The story is simple – little 9-year-old Ren runs away from home after his mother’s death. His father is missing and he dislikes his guardians, so becomes homeless. Fortunately for him, he’s spotted by Kumatetsu, a powerful but irresponsible beast creature, and taken in on a whim as a disciple. Taken in as a lonely human in a world of beasts, with a monkey and pig advising him and giving something of an echo of Journey to the West, Ren is given the new name Kyuuta and eventually becomes formidable. Unsurprisingly, he’s not the only one with a similar background, though, and might have to confront the darkness in the hearts of others.

The core of the movie, the squabbling, eventual respect and finally strong bond between Kumatetsu and Ren, works very well. They argue, come to understand one another, and finally rely on each other to be complete. Unfortunately, the rest of the story hung around this core doesn’t cohere nearly so well. The love story is tepid and slow, Kumatetsu’s rival doesn’t get the development he needs and the antagonist is much too remote and peripheral to carry a meaningful climax to the story. There’s also no big pay-off here: it essentially feels like Ren ends up turning his back on everything that makes him who he is, and there was way more scope for examining how he could find a unique place in the human world afterwards.

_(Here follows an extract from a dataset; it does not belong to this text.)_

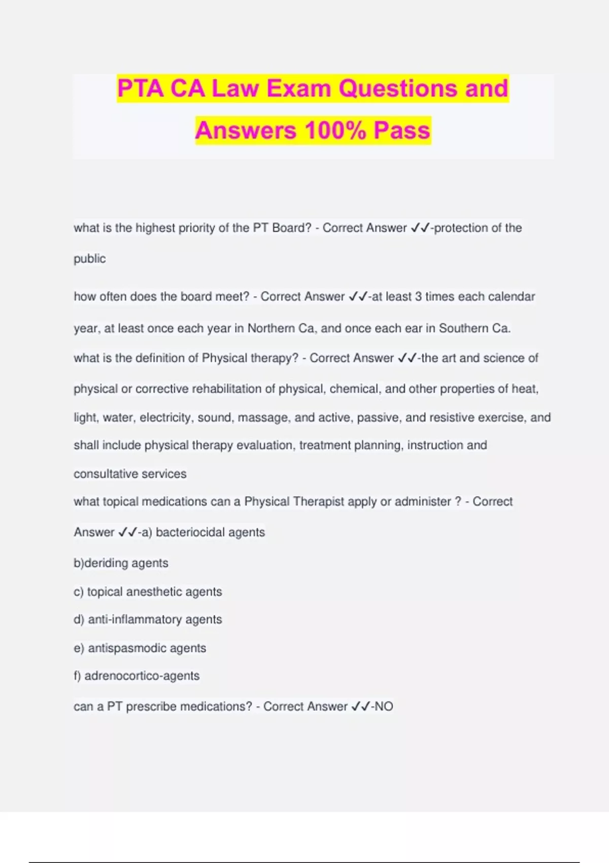 PTA CA Law Exam Questions and Answers 100% Pass what is the highest priority of the PT Board? - Correct Answer ️️ -protection of the public how often does the board meet? - Correct Answer ️️ -at least 3 times each calendar year, at least once each year in Northern Ca, and once each ear in Southern Ca. what is the definition of Physical therapy? - Correct Answer ️️ -the art and science of physical or corrective rehabilitation of physical, chemical, and other properties of heat, light, water, electricity, sound, massage, and active, passive, and resistive exercise, and shall include physical therapy evaluation, treatment planning, instruction and consultative services what topical medications can a Physical Therapist apply or administer ? - Correct Answer ️️ -a) bacteriocidal agents b)deriding agents c) topical anesthetic agents d) anti-inflammatory agents e) antispasmodic agents f) adrenocortico-agents can a PT prescribe medications? - Correct Answer ️️ -NO What are the parameters of a physical therapist performing tissue penetration? - Correct Answer ️️ -upon specified authorization of a physician and surgeon, PT can perform tissue penetration for the purpose of evaluating neuromuscular performance as long as the physician therapist does not develop or make diagnostic or prognostic interpretations of the data obtained. how long should patient records be maintained? - Correct Answer ️️ -for no less than 7 years following the discharge of the patient, except for the records of unemancipated minors which shall be maintained at least one year after the minor has reached 18 years of age, and not in any case less than seven years PT supervision of PTA (ratio) - Correct Answer ️️ -PT shal not supervise more than 2 PTA at one time PT use of Aide (supervision) - Correct Answer ️️ -Pt may utilize the services of one aide engaged in patient related tasks. Shall at all times be under orders, direction, and continuous and immediate supervision of the PT. continuous and immediate supervision - Correct Answer ️️ -the PT shall be in the same facility as, and in proximity to, the location where the aide is performing patient- related tasks, and shall be readily available at all times to provide advice or instruction Patient related tasks - Correct Answer ️️ -a physical therapy service rendered directly to the patient by an aide. The administration of massage, external baths, or normal exercise not a part of a PT treatment shall not be prohibited

Ultimately, unlike Summer Wars or The Girl Who Leapt Through Time, and even more so than Wolf Children, the film doesn’t manage to clearly stamp its identity throughout its running time, and thus falls short of hitting hard and being truly memorable. If he wants his Studio Chizu to be a new powerhouse, Hosoda is going to have to up his game – especially with Shinkai now a few steps ahead.